───── Records for this task

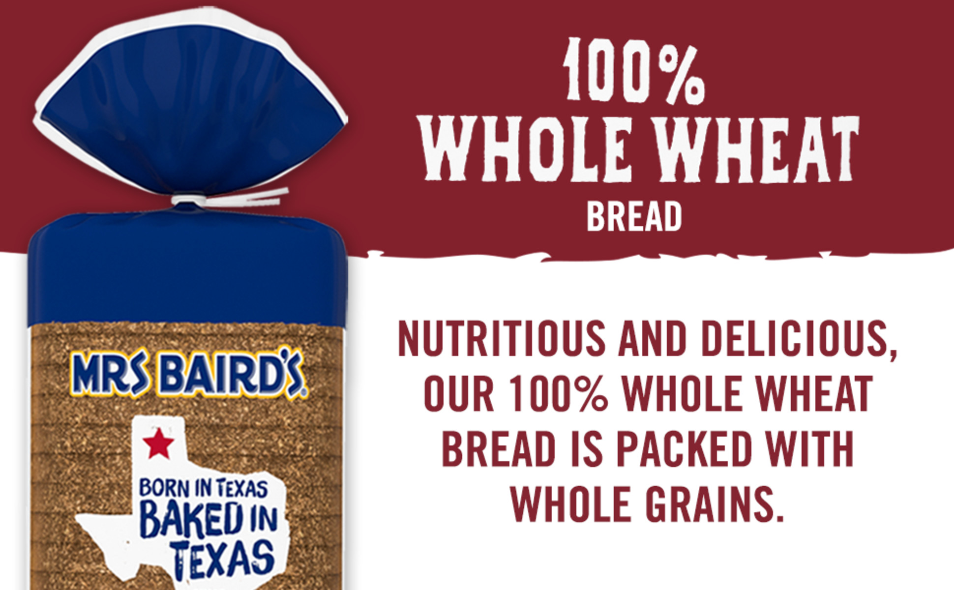 Mrs Baird's 100% Whole Wheat Bread is baked with quality ingredients
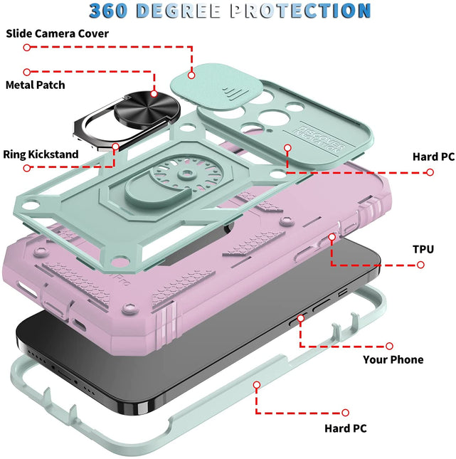 • 【Camera and screen】 The camera of the iPhone13 Pro Max case adopts exquisite sliding cover design, which perfectly protects the hidden camera from damage and wear. At the same time, the periphery of the screen of the case to be protruding higher than the screen, which is perfect to prevent any fall, damage, and scratches.
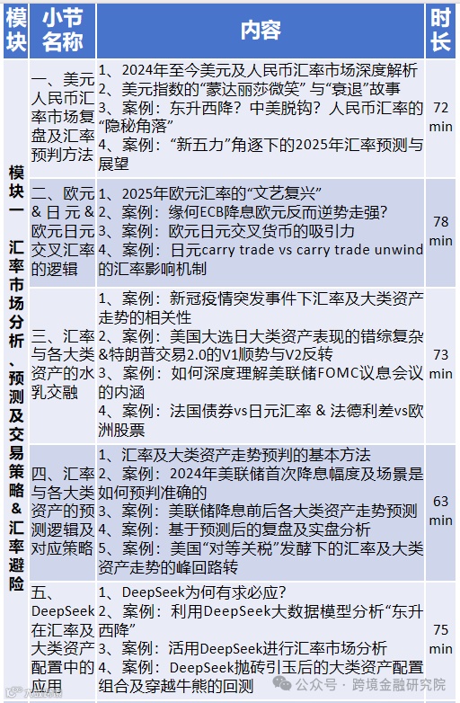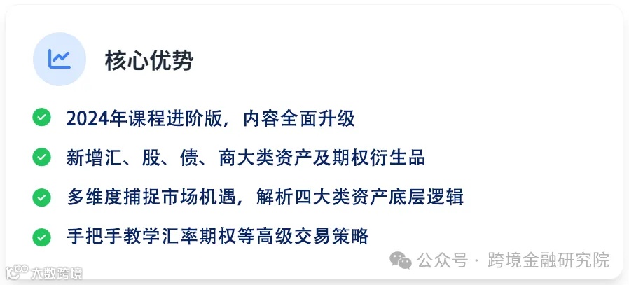 2024年,跨境金融研究院推出《一门课学懂外汇交易与汇率市场》课程,收获一众好评;2025年,在此基础上,我们进一步推出《2025全球汇率与衍生品实战:进阶版 · 大类资产联动+期权交易全解析》课程,帮助大家形成一套行之有效的汇率市场及大类资产分析方法,更好地优化资产配置,从而做出更明智的投资决策。
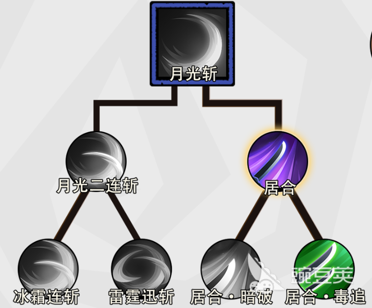 技能加点逻辑高度聚焦:优先解锁基础技能“月光斩”,随后必须投入关键分支——“居合”与“居合毒追”。这两项技能构成整套循环的根基,其余非核心输出技可完全舍弃,确保有限技能点集中于核心链路,避免资源浪费。
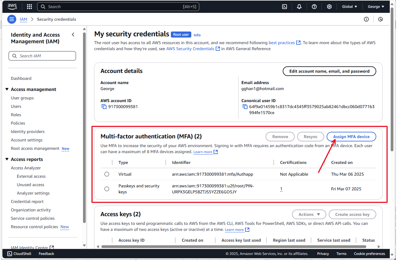 - In the Multi-Factor Authentication (MFA) section: Click Assign MFA device.

──────────

◆ Requirement
Return only the lines from the start of the data through the line that contains "damage, and scratches.", please, copying them exactly and omitting all pictures.

◆ Answer
 Mrs Baird's 100% Whole Wheat Bread is baked with quality ingredients
 • 【Camera and screen】 The camera of the iPhone13 Pro Max case adopts exquisite sliding cover design, which perfectly protects the hidden camera from damage and wear. At the same time, the periphery of the screen of the case to be protruding higher than the screen, which is perfect to prevent any fall, damage, and scratches.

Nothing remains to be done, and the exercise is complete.